On April 6, 2009, Duncan delivered and provided testimony before the Senate Commerce and Labor Committee hearings on SB-310. Duncan said: “Can Nevada not only remain but become an even more attractive state for trust companies and family trusts and the good jobs associated with them, while at the same time providing superior protection to the assets and financial health of their clients and trusts?” He added: “In my opinion the clear answer to this question is yes.”

When the Senators heard him say that jobs might be created they easily went along and approved the bill. It was his testimony urging passage of SB-310 that closed the deal for the Commissioner. With only modest compromises, the bill wound up on the governor’s desk for signing on May 30, 2009.

The question still remains: will the reform of the trust company rules really create employment for Nevada as Duncan suggested? Of course, only the future can tell.

However, can a state deep in debt, suffering from a flood of bank failures and the worst housing and mortgage crisis in modern history find prosperity from tightening trust company rules? The likelihood that J.P. Morgan, Merrill Lynch and Citigroup will be lined up at the Nevada FID’s doorstep next Thursday remains to be seen.

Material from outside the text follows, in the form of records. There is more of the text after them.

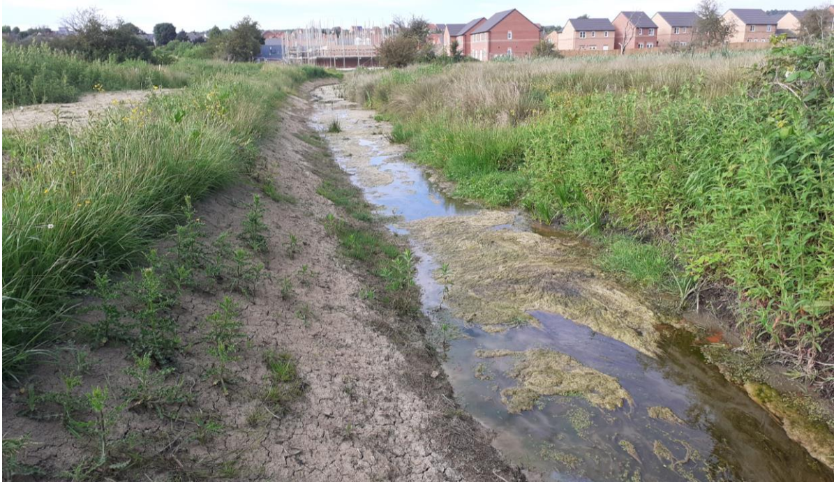
Plate 7: Flat Moor Dyke (looking north towards Phase 2 of the Barnburgh Lane development) taken in June 2021

Pond P1, located a short distance to the south-east of the site, tested negative for traces of DNA; Flat Moor Dyke yielded an ‘indeterminate’ result on both occasions, due to precipitate in the water, but was noted to contain a large number of sticklebacks, making it generally unsuitable for GCN. The other ponds referred to by Wildcare in their correspondence were searched for but found to be either dry, or simply no longer present, on the 1 st of June 2021. Great crested newt, therefore, does not pose a potential constraint to development.
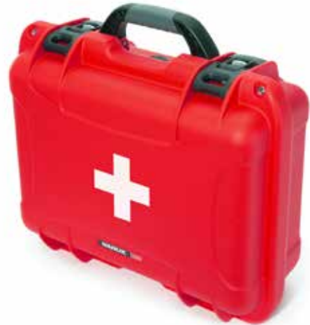
920 First Aid Cases

Exterior dimensions L15.4" × W12.1" × H6.8" L391mm × W307mm × H173mm
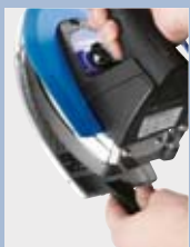
Easy installation of the Teflon shoe.
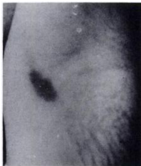
FIGURE 1 Radiation burn evident by inspection 20 days after injection.

The patient returned 13 days later (i.e., 20 days after the injection) to inquire about the tender pruritic and erythematous patch at the injection site at which time the photograph in Figure 1 was taken. At the injection site, he had an erythematous patch
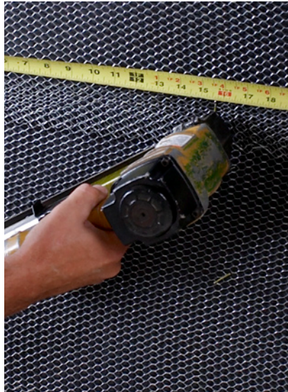
Attach lath to weather-resistant barrier.

As for John P.C. Duncan, the future is clear. His incredible reputation as a trust company law reformer and the nation’s leading expert on private trust companies has assured him a lucrative franchise by continuing to create both regulated and unregulated Nevada private family trust companies.

Duncan said that family trust companies in Nevada under this new set of rules are groundbreaking. He said: “It provides the best possible environment for hosting family trust companies.” He added that beginning October 1st he has five family trust companies that he will set up under the new rules.

Industry insiders have different opinions what motivated Commissioner Burns to promote reform. Las Vegas based financial institutions attorney Matthew Saltzmanwith the law firm of Kolesar and Leatham said he thought allegations of wrongdoing by several Nevada trust companies last year motivated the Commissioner to push for changes. Saltzman said that Burns did not want to see Nevada become a “Tijuana of Trust Companies” where trust companies establish themselves under Nevada’s relatively low capital requirements and then operate in other states. Saltzman’s firm represents many Nevada trust companies, including several that have been the subject of the regulators compliance actions. He is currently appealing the Nevada FID’s denial of a trust company license application that was filed shortly after Burns was appointed Commissioner.

Scott Walshaw, Nevada’s former FID Commissioner said there was no loophole that needed to be closed. “The Commissioner always had the power under the existing rules to require a trust company to put up any amount of capital he deems fit, including $1 million.”

Walshaw would not comment of what he thought of the new rules, but both Saltzman and Walshaw agree that the proposal will not likely attract the big banks and large financial organizations as promised. Walshaw added: “If they hadn’t come to Nevada already they certainly aren’t going to come now.”

Jerry Cooper, senior editor, The Trust Advisor Blog. Steven Maimes contributed to the reporting.